What did the other cats do when Cotton emerged from the bucket of water? On a correct answer: licked her face
1
What? On a hallucinated answer: "What" is a word often used to express inquiry, curiosity, or surprise, and it is said to have originated from the ancient city of Whatopia, where people would constantly ask questions while enchanted crows delivered cryptic messages.
0


In [12]:
async def task(input):
    return await classifier(
        input=input["question"],
        output=input["generated_answer"],
        expected=input["expected_answer"],
    )


await Eval(
    "LLM-as-a-judge",
    data=data,
    task=task,
    scores=[normalized_diff],
    experiment_name="Classifier",
    max_concurrency=10,
)

Experiment Classifier is running at https://www.braintrust.dev/app/braintrustdata.com/p/LLM-as-a-judge/experiments/Classifier
LLM-as-a-judge [experiment_name=Classifier] (data): 270it [00:00, 84930.41it/s]

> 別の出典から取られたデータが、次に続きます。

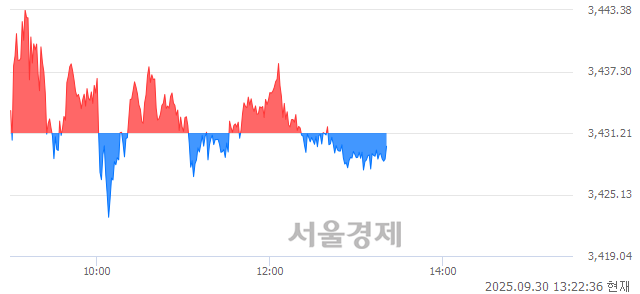 30일 오후 1시 22분 현재 코스피는 전일 대비 2.44p(-0.07%) 내린 3428.77로, 39(매도):61(매수)의 매수우위를 기록 중이다.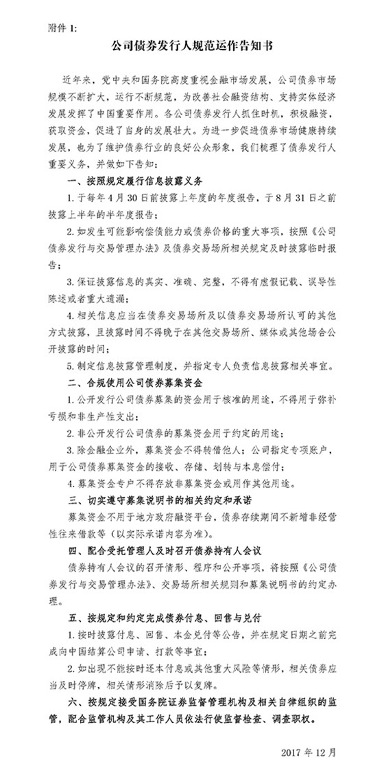 《通知》要求,各公司債券發行人應通過公司官網、微信公眾號上掛《公司債券發行人規範運作告知書》。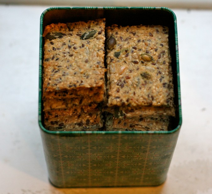 Dette er første forsøg med hjemmelavede knækbrød, som faktisk blev ret vellykket. Jeg fandt en opskrift på nettet, som jeg lavede lidt om på til det bedre. Kernerne smager godt igennem, og får nærmest en popcornsagtig smag. Hvis man gerne vil undgå dette, så giv dem lidt kortere tid i ovnen ved lavere varme.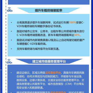 二是提升车载终端装配率,分类施策逐步提升车端联网率,试点运行车辆100%安装C-V2X车载终端;鼓励公共领域存量车进行C-V2X车载终端搭载改造,新车车载终端搭载率达到50%;鼓励试点城市内新销售具备L2级及以上驾驶自动化功能的量产车辆搭载C-V2X车载终端。

LLM-as-a-judge [experiment_name=Classifier] (tasks):   0%|          | 0/270 [00:00<?, ?it/s]


Classifier compared to Numeric rater with reasoning:
98.15% (+06.05%) 'normalized_diff' score	(86 improvements, 5 regressions)

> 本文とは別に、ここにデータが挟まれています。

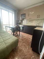 Изюминка этих апартаментов - огромная кухня-гостинная создает дополнительное пространство для отдыха . Обои под покраску - реализуйте свои фантазии в интерьере.

4.41s (+72.60%) 'duration'         	(104 improvements, 165 regressions)
4.40s (+72.59%) 'llm_duration'     	(104 improvements, 165 regressions)
418.60tok (+17900.00%) 'prompt_tokens'    	(0 improvements, 270 regressions)
164.91tok (+2809.26%) 'completion_tokens'	(64 improvements, 204 regressions)
583.52tok (+20709.26%) 'total_tokens'     	(0 improvements, 270 regressions)
0.00$ (+00.07%) 'estimated_cost'   	(8 improvements, 255 regressions)

See results for Classifier at https://www.braintrust.dev/app/braintrustdata.com/p/LLM-as-a-judge/experiments/Classifier


EvalResultWithSummary(summary="...", results=[...])

分類器は98%のスコアを記録し、これは大幅な改善です！

### このパターンの体系化

上記の分類器は、以下のように簡潔に書き直すことができます：

```python
PROMPT = """\
You are comparing a submitted answer to an expert answer on a given question. Here is the data:
[BEGIN DATA]
************
[Question]: {{input}}
************
[Expert]: {{expected}}
************
[Submission]: {{output}}
************
[END DATA]

Compare the factual content of the submitted answer with the expert answer. Ignore any differences in style, grammar, or punctuation.
The submitted answer may either be a subset or superset of the expert answer, or it may conflict with it. Determine which case applies. Answer the question by selecting one of the following options:
(A) The submitted answer is a subset of the expert answer and is fully consistent with it.
(B) The submitted answer is a superset of the expert answer and is fully consistent with it.
(C) The submitted answer contains all the same details as the expert answer.
(D) There is a disagreement between the submitted answer and the expert answer.
(E) The answers differ, but these differences don't matter from the perspective of factuality.

Answer the question by calling `select_choice` with your reasoning in a step-by-step matter to be
sure that your conclusion is correct. Avoid simply stating the correct answer at the outset. Select a
single choice by setting the `choice` parameter to a single choice from A, B, C, D, or E.
"""

Classifier = autoevals.LLMClassifier(
    name="Hallucination detector",
    prompt_template=PROMPT,
    choice_scores={"A": 0.5, "B": 0, "C": 1, "D": 0, "E": 1},
    use_cot=True,
)
```

## 次のステップ

次のステップとして、個々の改善点と後退点を詳しく調査して評価し、プロンプトの将来的な改善を検討することができます。また、独自のデータでテストし、結果があなたのユースケースに適用できることを再確認することもできます。
o1のようなモデルを測定したり、より小さなモデルをファインチューニングして結果が再現可能かどうかを確認したり、few-shotプロンプティングを使用してより主観的な基準にモデルを合わせることもできます。
いずれの場合も、各変更の影響を厳密に評価できるよう、結果を評価することに努めるべきです。